____ SUPPLIED DATA

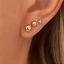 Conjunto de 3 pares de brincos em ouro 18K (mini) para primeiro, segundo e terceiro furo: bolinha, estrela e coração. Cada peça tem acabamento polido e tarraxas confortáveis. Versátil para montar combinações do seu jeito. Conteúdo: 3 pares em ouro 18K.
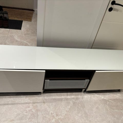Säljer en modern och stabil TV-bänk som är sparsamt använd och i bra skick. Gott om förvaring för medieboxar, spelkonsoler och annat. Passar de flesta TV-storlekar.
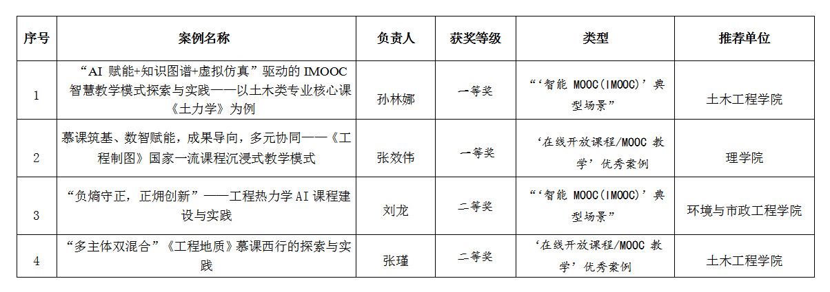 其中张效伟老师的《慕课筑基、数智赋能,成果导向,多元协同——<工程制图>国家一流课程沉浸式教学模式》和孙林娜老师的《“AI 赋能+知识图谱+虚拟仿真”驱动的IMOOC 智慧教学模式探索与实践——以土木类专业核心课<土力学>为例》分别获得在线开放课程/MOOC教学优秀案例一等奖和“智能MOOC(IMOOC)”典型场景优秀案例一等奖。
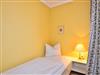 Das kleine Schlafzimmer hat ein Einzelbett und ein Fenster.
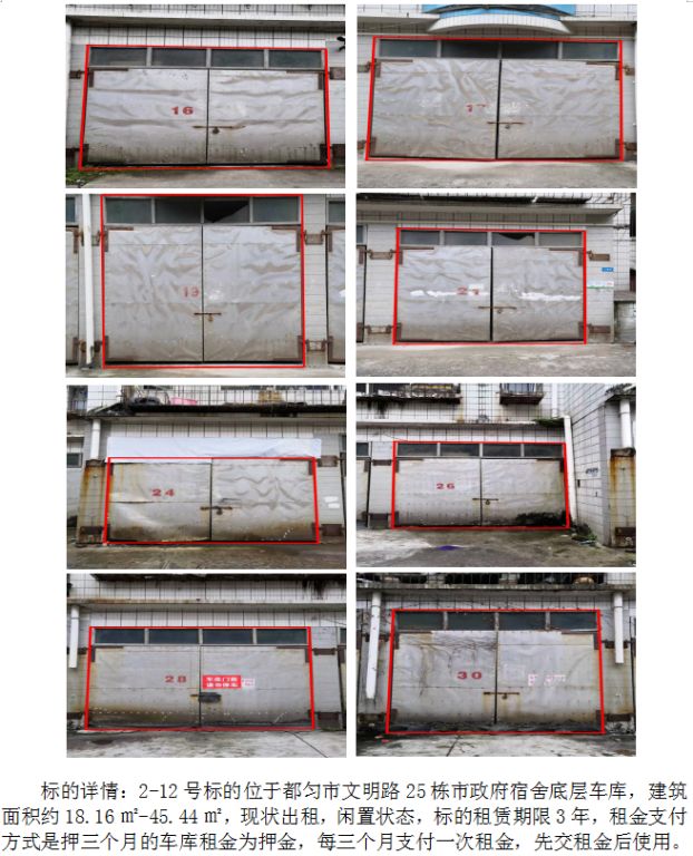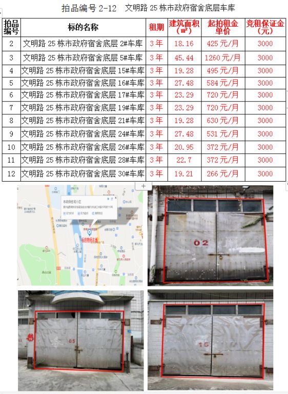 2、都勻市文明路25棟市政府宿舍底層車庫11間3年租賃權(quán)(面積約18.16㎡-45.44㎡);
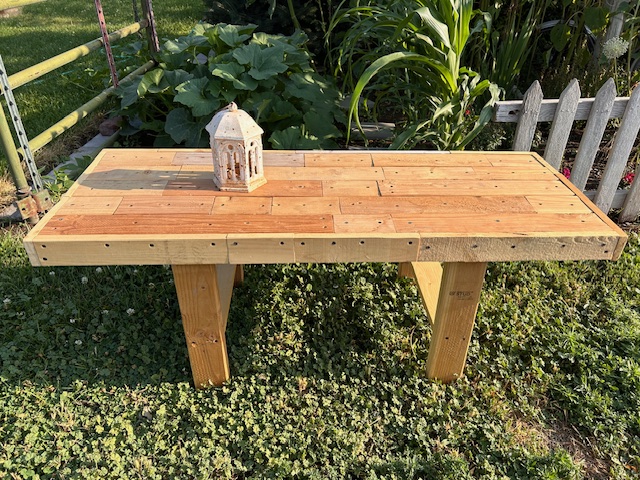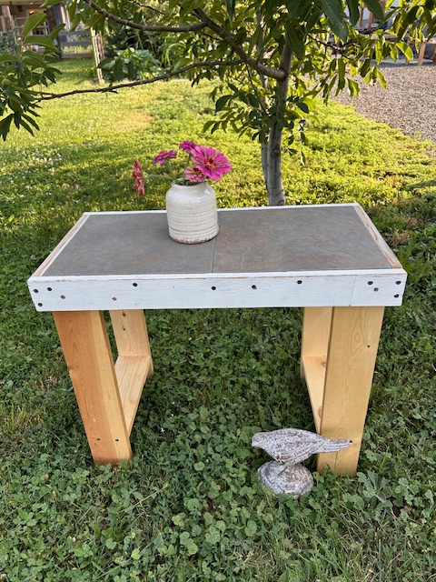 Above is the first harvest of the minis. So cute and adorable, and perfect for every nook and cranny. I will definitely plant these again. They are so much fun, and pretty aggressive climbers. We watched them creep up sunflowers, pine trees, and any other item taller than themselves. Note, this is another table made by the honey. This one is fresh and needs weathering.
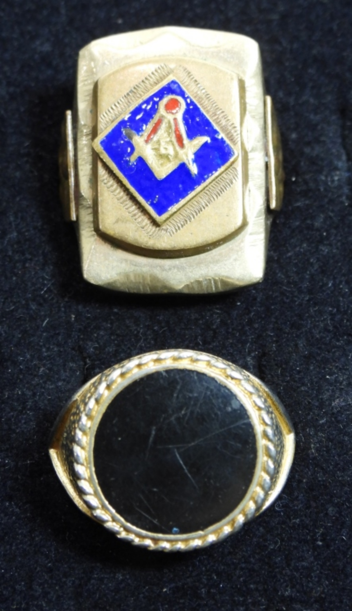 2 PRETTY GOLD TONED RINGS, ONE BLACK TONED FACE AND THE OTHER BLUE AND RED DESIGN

________
____ SUPPLIED DATA

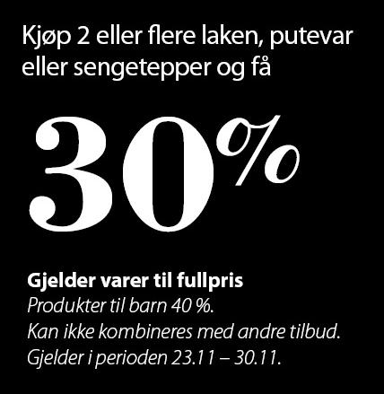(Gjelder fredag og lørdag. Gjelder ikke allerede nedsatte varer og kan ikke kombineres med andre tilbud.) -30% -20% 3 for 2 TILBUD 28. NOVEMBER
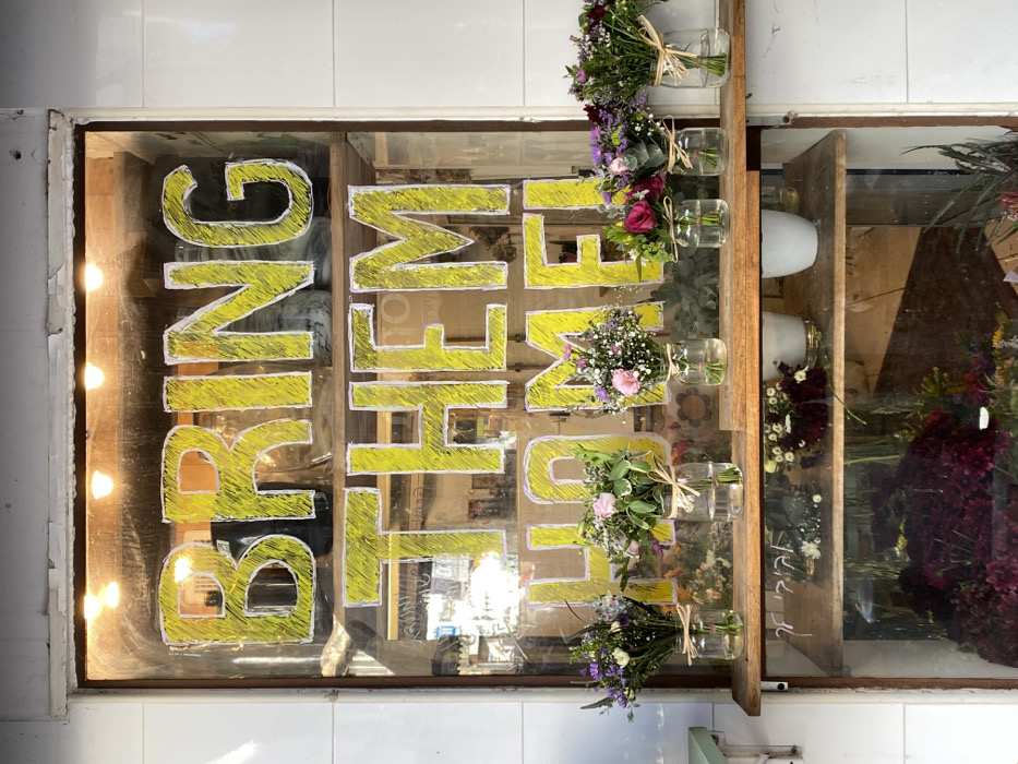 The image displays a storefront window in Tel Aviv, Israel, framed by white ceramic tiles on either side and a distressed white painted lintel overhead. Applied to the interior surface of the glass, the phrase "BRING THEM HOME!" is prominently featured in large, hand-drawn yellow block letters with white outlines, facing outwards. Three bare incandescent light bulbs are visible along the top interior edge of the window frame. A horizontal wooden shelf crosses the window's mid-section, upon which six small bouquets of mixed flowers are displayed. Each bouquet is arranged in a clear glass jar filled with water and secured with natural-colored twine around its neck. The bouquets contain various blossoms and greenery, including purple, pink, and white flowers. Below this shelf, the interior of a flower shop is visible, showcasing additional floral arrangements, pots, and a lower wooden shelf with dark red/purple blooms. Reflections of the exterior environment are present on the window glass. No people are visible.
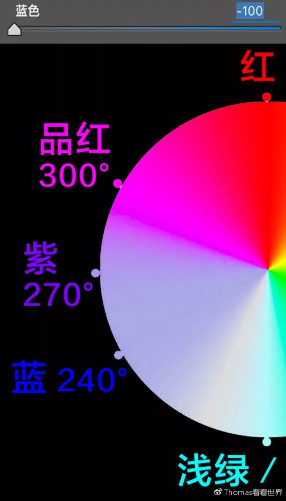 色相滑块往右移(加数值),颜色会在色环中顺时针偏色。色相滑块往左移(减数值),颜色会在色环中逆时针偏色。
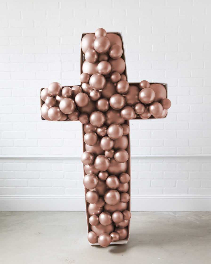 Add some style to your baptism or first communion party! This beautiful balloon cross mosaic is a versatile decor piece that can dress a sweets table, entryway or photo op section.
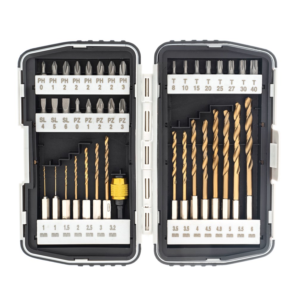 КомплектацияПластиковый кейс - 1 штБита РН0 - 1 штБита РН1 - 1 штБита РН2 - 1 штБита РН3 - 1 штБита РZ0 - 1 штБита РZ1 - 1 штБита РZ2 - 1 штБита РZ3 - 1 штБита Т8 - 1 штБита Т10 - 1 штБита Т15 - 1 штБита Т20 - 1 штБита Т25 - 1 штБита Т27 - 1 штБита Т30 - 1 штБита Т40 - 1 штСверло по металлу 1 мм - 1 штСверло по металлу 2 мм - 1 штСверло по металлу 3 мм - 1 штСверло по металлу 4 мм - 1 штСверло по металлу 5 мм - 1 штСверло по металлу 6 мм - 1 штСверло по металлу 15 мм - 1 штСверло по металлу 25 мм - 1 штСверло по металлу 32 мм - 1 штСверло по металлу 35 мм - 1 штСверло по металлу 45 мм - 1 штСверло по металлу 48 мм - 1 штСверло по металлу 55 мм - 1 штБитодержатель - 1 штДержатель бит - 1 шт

________

• _WHAT YOU SHOULD DO_
Find the line with "Conjunto de 3" in the data above, and from there retype each line exactly through the line with "2 PRETTY GOLD", skipping the pictures along the way.

• _WRITTEN ANSWER_
 Conjunto de 3 pares de brincos em ouro 18K (mini) para primeiro, segundo e terceiro furo: bolinha, estrela e coração. Cada peça tem acabamento polido e tarraxas confortáveis. Versátil para montar combinações do seu jeito. Conteúdo: 3 pares em ouro 18K.
Säljer en modern och stabil TV-bänk som är sparsamt använd och i bra skick. Gott om förvaring för medieboxar, spelkonsoler och annat. Passar de flesta TV-storlekar.
 其中张效伟老师的《慕课筑基、数智赋能,成果导向,多元协同——<工程制图>国家一流课程沉浸式教学模式》和孙林娜老师的《“AI 赋能+知识图谱+虚拟仿真”驱动的IMOOC 智慧教学模式探索与实践——以土木类专业核心课<土力学>为例》分别获得在线开放课程/MOOC教学优秀案例一等奖和“智能MOOC(IMOOC)”典型场景优秀案例一等奖。
 Das kleine Schlafzimmer hat ein Einzelbett und ein Fenster.
 2、都勻市文明路25棟市政府宿舍底層車庫11間3年租賃權(quán)(面積約18.16㎡-45.44㎡);
 Above is the first harvest of the minis. So cute and adorable, and perfect for every nook and cranny. I will definitely plant these again. They are so much fun, and pretty aggressive climbers. We watched them creep up sunflowers, pine trees, and any other item taller than themselves. Note, this is another table made by the honey. This one is fresh and needs weathering.
 2 PRETTY GOLD TONED RINGS, ONE BLACK TONED FACE AND THE OTHER BLUE AND RED DESIGN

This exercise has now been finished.